**Problem to work on:** Reproduce exactly only the lines from the line that holds "遊びすぎていたらアプリでゲー" to the line that holds "2025年11月28日固废处理概念股票连涨股涨幅排名", inclusive, in the listing below, and please leave out every picture.

**Source data:**
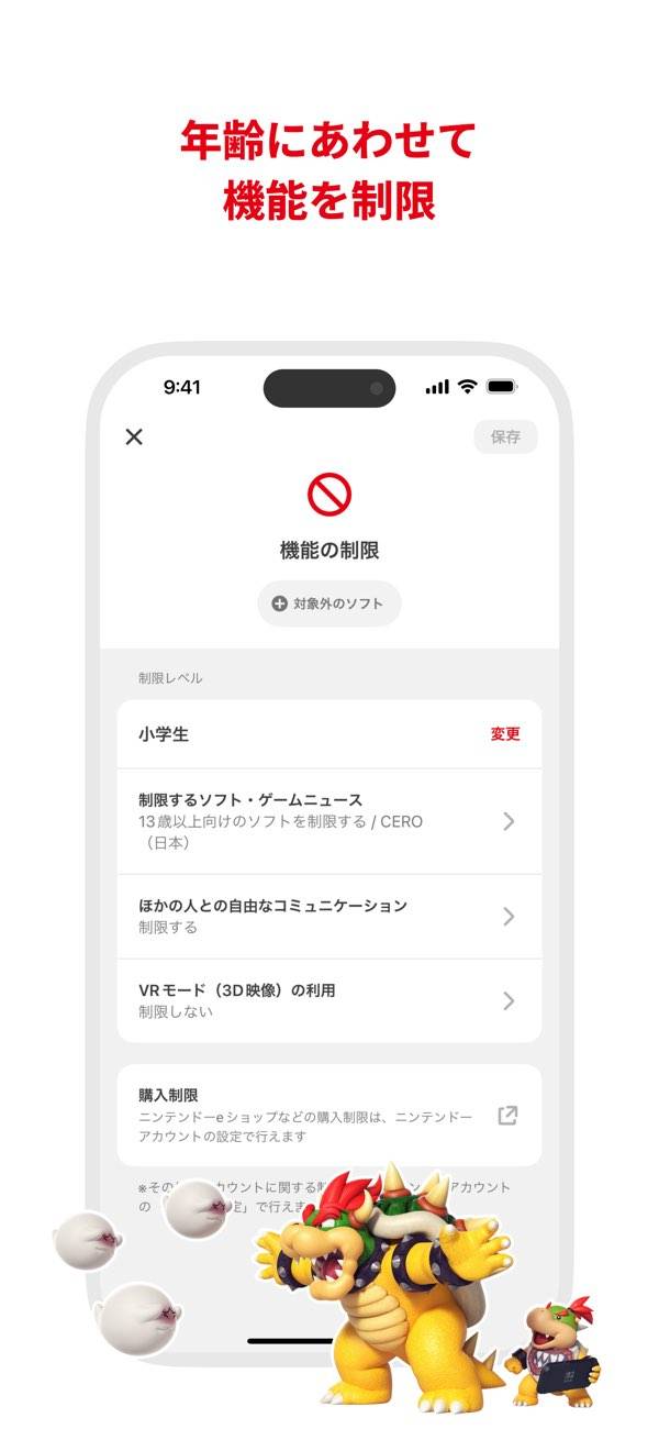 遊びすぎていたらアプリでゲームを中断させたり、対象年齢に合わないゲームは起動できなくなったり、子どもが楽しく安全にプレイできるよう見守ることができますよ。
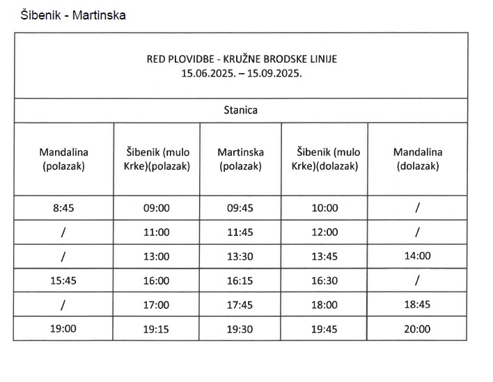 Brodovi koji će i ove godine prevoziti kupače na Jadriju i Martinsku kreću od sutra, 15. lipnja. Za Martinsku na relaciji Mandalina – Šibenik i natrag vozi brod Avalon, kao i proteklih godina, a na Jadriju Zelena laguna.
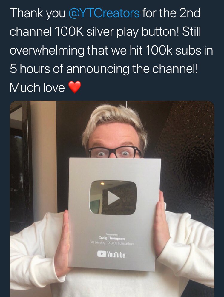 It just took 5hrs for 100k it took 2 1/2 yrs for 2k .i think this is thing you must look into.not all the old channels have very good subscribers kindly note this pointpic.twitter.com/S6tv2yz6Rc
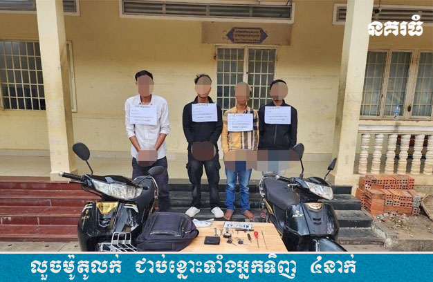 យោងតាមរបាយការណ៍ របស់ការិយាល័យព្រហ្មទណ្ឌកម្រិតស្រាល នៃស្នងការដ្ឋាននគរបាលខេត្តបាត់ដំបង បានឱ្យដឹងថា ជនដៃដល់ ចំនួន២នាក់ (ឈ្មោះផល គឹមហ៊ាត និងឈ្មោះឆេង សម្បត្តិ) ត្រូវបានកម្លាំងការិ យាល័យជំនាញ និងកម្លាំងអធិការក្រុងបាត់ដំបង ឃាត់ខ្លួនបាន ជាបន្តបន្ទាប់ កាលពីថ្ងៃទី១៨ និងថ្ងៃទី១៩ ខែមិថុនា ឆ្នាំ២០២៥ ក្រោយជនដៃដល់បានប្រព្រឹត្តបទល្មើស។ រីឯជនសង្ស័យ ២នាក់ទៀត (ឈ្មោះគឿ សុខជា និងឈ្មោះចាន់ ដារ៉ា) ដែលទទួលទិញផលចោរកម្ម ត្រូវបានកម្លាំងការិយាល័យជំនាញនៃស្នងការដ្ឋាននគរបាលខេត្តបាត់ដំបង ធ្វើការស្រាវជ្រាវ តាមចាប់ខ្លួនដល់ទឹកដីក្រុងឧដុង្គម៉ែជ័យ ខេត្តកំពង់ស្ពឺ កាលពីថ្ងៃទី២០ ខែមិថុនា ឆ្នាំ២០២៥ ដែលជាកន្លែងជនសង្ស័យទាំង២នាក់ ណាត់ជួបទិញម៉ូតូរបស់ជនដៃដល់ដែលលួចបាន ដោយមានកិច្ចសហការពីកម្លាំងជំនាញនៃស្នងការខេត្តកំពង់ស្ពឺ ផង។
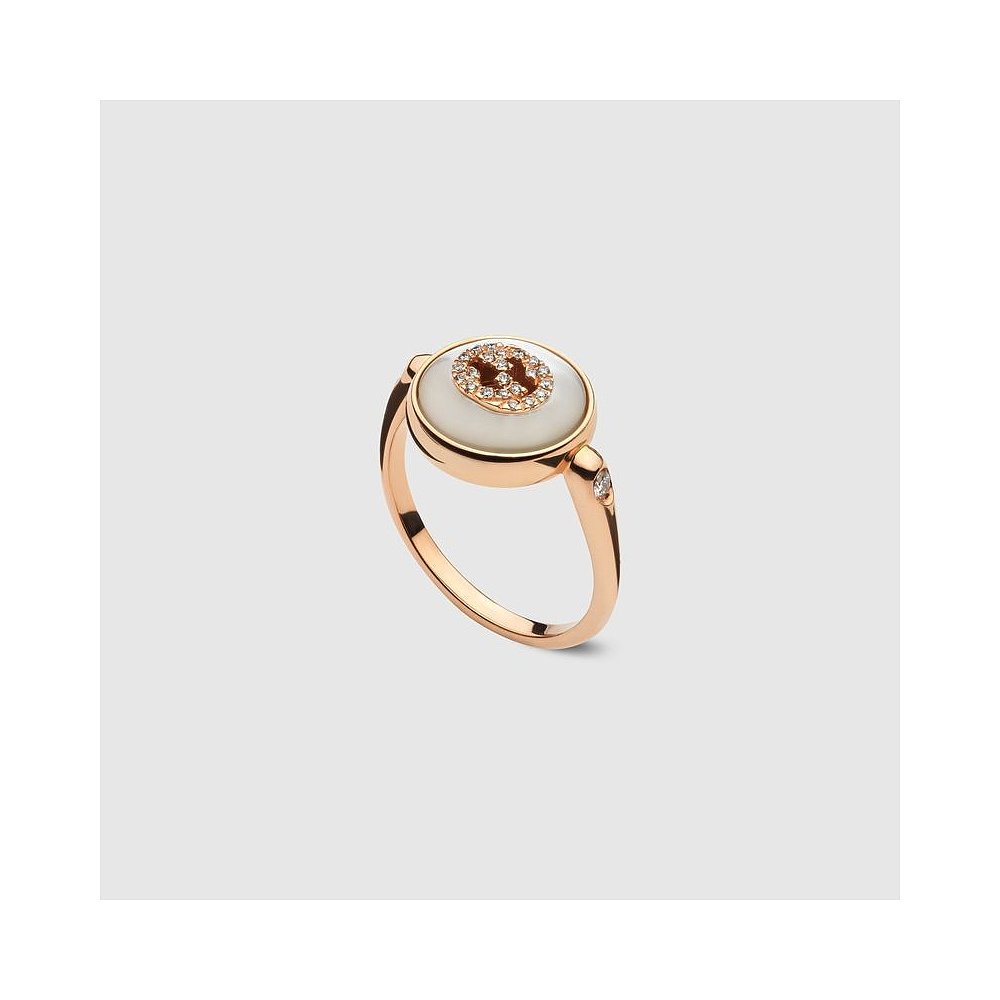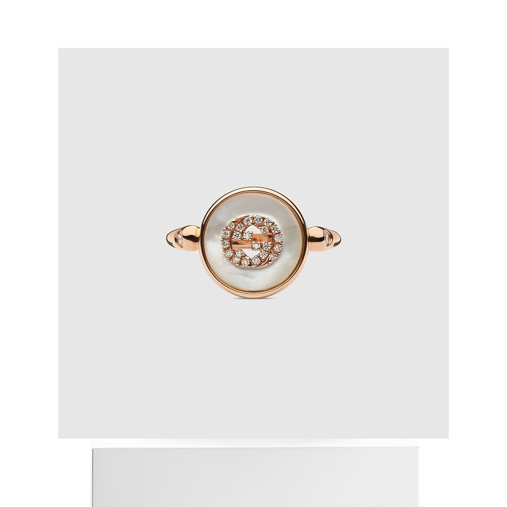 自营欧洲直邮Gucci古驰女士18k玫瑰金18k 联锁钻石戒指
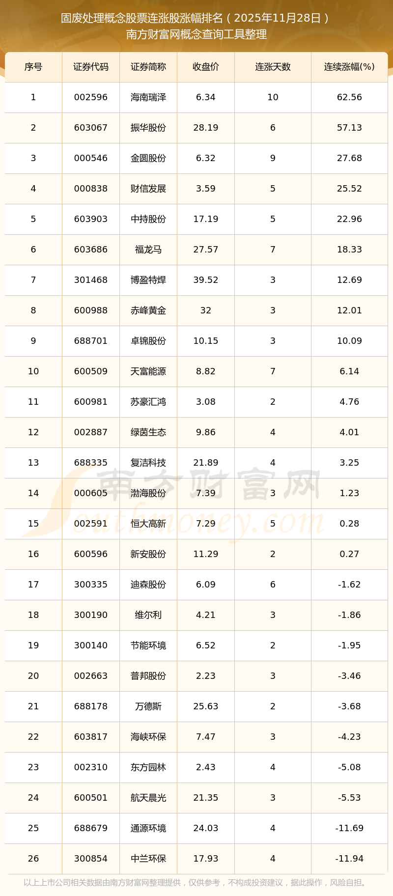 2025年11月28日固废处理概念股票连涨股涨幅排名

---

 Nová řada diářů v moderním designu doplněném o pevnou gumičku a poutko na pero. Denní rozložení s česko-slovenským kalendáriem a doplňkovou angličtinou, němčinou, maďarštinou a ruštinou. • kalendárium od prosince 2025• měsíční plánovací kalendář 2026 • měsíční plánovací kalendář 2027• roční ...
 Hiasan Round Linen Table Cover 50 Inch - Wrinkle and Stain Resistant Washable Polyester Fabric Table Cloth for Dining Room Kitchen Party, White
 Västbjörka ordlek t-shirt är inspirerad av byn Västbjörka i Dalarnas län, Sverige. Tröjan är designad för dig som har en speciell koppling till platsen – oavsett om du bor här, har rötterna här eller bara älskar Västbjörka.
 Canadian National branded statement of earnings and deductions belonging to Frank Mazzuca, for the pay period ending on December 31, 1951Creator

**Result of the task:**
 遊びすぎていたらアプリでゲームを中断させたり、対象年齢に合わないゲームは起動できなくなったり、子どもが楽しく安全にプレイできるよう見守ることができますよ。
 Brodovi koji će i ove godine prevoziti kupače na Jadriju i Martinsku kreću od sutra, 15. lipnja. Za Martinsku na relaciji Mandalina – Šibenik i natrag vozi brod Avalon, kao i proteklih godina, a na Jadriju Zelena laguna.
 It just took 5hrs for 100k it took 2 1/2 yrs for 2k .i think this is thing you must look into.not all the old channels have very good subscribers kindly note this pointpic.twitter.com/S6tv2yz6Rc
 យោងតាមរបាយការណ៍ របស់ការិយាល័យព្រហ្មទណ្ឌកម្រិតស្រាល នៃស្នងការដ្ឋាននគរបាលខេត្តបាត់ដំបង បានឱ្យដឹងថា ជនដៃដល់ ចំនួន២នាក់ (ឈ្មោះផល គឹមហ៊ាត និងឈ្មោះឆេង សម្បត្តិ) ត្រូវបានកម្លាំងការិ យាល័យជំនាញ និងកម្លាំងអធិការក្រុងបាត់ដំបង ឃាត់ខ្លួនបាន ជាបន្តបន្ទាប់ កាលពីថ្ងៃទី១៨ និងថ្ងៃទី១៩ ខែមិថុនា ឆ្នាំ២០២៥ ក្រោយជនដៃដល់បានប្រព្រឹត្តបទល្មើស។ រីឯជនសង្ស័យ ២នាក់ទៀត (ឈ្មោះគឿ សុខជា និងឈ្មោះចាន់ ដារ៉ា) ដែលទទួលទិញផលចោរកម្ម ត្រូវបានកម្លាំងការិយាល័យជំនាញនៃស្នងការដ្ឋាននគរបាលខេត្តបាត់ដំបង ធ្វើការស្រាវជ្រាវ តាមចាប់ខ្លួនដល់ទឹកដីក្រុងឧដុង្គម៉ែជ័យ ខេត្តកំពង់ស្ពឺ កាលពីថ្ងៃទី២០ ខែមិថុនា ឆ្នាំ២០២៥ ដែលជាកន្លែងជនសង្ស័យទាំង២នាក់ ណាត់ជួបទិញម៉ូតូរបស់ជនដៃដល់ដែលលួចបាន ដោយមានកិច្ចសហការពីកម្លាំងជំនាញនៃស្នងការខេត្តកំពង់ស្ពឺ ផង។
 自营欧洲直邮Gucci古驰女士18k玫瑰金18k 联锁钻石戒指
 2025年11月28日固废处理概念股票连涨股涨幅排名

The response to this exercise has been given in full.